The battle over the "Waters of the U.S." rule has been brewing for months and will continue both on and off Capitol Hill. The regulation attempts to define Clean Water Act regulations as stretching to bodies of water that have a "significant nexus" with "navigable waters" to prevent pollution of drinking water.
The EPA told various media outlets that the rule asserts the agency's ability to regulate waters connect to those flowing into drinking water supplies, thus enabling regulation of upstream pollutants. The Washington Examiner and several other news outlets that cover the EPA regularly were not informed of the media call or of the release of the new regulation.
Republicans and rural Democrats are determined to roll the regulation back because they say agricultural and other interests fear the rule could halt virtually all development near water. They said the regulation would add features that only contain water when it rains and hit streams with limited flow.
"I am hearing from too many different sectors that this is not clarification. This is limitation not only on our ability to move, but to breathe," Senate Energy and Natural Resources Committee Chairwoman Lisa Murkowski, R-Alaska, said at a recent hearing.
Democratic supporters in Congress and environmental groups say the regulation would clear up confusion about whether permits are needed for activity near certain waterways. They defended the rule, saying it would protect drinking water from pollution carried by streams and other bodies of water.
"Small streams and wetlands provide drinking water to roughly one in three Americans and they must be protected from pollution at the source. The Obama administration listened to all perspectives and developed a final rule that will help guarantee safe drinking water supplies for American families and businesses and restore much-needed certainty, consistency and effectiveness to the Clean Water Act," said Sen. Barbara Boxer, D-Calif., the top Democrat on the Environment and Public Works Committee.

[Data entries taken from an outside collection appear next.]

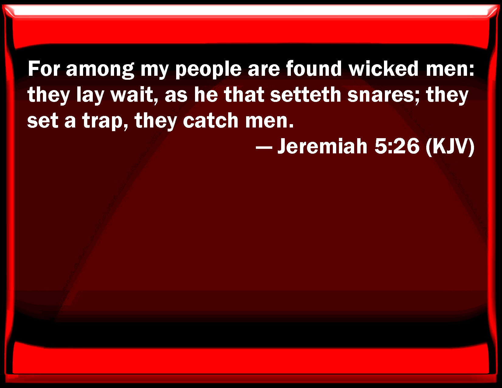 Bible Verse Slide Jeremiah 5:26 For among my people are found wicked men: they lay wait, as he that sets snares; they set a trap, they catch men. KJV: For among my people are found wicked men: they lay wait, as he that setteth snares; they set a trap, they catch men. DRB: For among my people are found wicked men, that lie in wait as fowlers, setting snares and traps to catch men. DBT: For among my people are found wicked men: they lay wait, as fowlers stoop down; they set a trap, they catch men. ERV: For among my people are found wicked men: they watch, as fowlers lie in wait; they set a trap, they catch men. WBT: For among my people are found wicked men: they lay wait, as he that setteth snares; they set a trap, they catch men. WEB: For among my people are found wicked men. They watch, as fowlers lie in wait. They set a trap. They catch men. YLT: For the wicked have been found among My people. It looketh about the covering of snares, They have set up a trap — men they capture.Links Jeremiah 5:26 NIV • Jeremiah 5:26 NLT • Jeremiah 5:26 ESV • Jeremiah 5:26 NASB • Jeremiah 5:26 KJV • Jeremiah 5:26 Interlinear • Jeremiah 5:26 Commentaries • Jeremiah 5:26 Parallel Texts • Jeremiah 5:26 Bible Apps • Jeremiah 5:26 Parallel • Bible Hub |
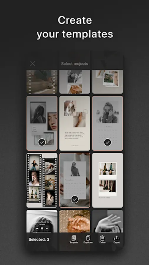 Find your unique style, save collages and plan social feeds. Now creating beautiful Instagram stories has become even faster! Templates can be deleted, swapped and duplicated! Create one template and reuse it many times.
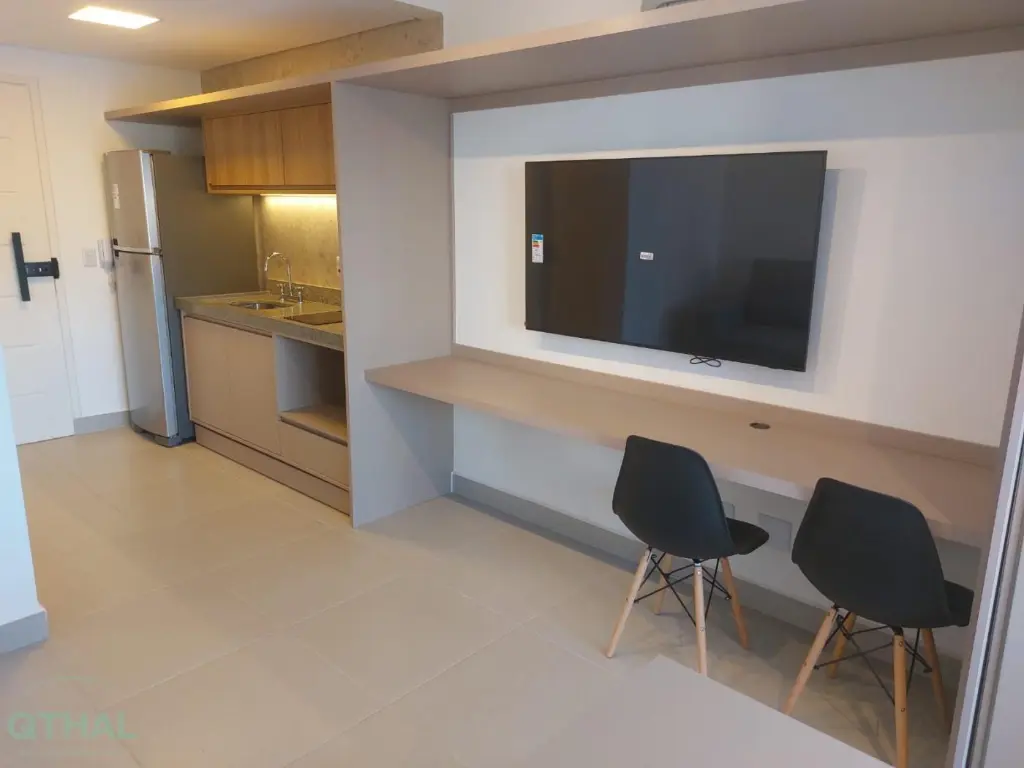 Studio totalmente mobiliado e pronto para morar, com excelente ventilação e iluminação natural, Ar-condicionado instalado, Sala equipada com Sofá 2 lugares, Bancada com 2 cadeiras e TV 55.

Opponents of the rule, however, are readying a fight on the floor. Sen. John Hoeven, R-N.D., agreed to hold off on an amendment at the Senate Appropriations Committee blocking the rule on the Energy and Water spending bill because he was assured by Murkowski and others that it would be addressed on the floor.
The House version of the Energy and Water spending bill, meanwhile, includes language blocking the rule. The White House has threatened to veto the bill, partly because of that policy rider.
"This rule will provide the clarity and certainty businesses and industry need about which waters are protected by the Clean Water Act, and it will ensure polluters who knowingly threaten our waters can be held accountable," President Obama said in a statement.
Navigable to the EPA means that a microscopic single cell organism may traverse the boundary or your project.
You have been warned... everything on the EPA website regarding this is misrepresentation at the least, outright f***ing LIES otherwise.
For Christ sake, if you go to the Press Release, you see it is in English AND Spanish... but there is NO GOD DAMNED DATE ON IT!
The EPA budget needs to be cut to $0.00. They are taking Taxpayer money and giving it to Ecoactivist outfits so they can go collect biased data for the public comment period. They are lying and saying 90% of the people LOVE THIS PROPOSED RULE.
please see my guidance on “navigable” in post 21
I’ve noticed the new “no date” phenomenon on a lot of things.
“Release Date: 05/27/2015”?
I think after I posted the link I had seen they revised the link to go to a legit page and not just the bilingual non-dated P.R.
Could be.
It looks they fixed the link to go to a page with only the English version with a date and a separate link to get the Spanish one.
I received a "courtesy call" yesterday letting me know that I owe $250 for a 3 mile ambulance ride when they responded to my 911 call when I injured my hand in March. I advised the nice lady that, yes, I had recently received that "bill or invoice or statement or whatever you woud call it" and I saw that document gave plenty of instruction on how to make the payment... but there was nowhere on it A DUE BY DATE! I asked if the call was to tell me that I was past due and when she said no, I asked her, "Well? When is it due, then?"
She had no answer, but said that she did understand... and I asked her to pass my formal complaint onward to someone that will correct the problem.
I have a feeling they don't say when it is due so when you lose track it can go to collections and the IRS and the NSA and Social Security and your 7th grade Geography teacher, get written up in the police blotter or the Society Page or WHATEVER.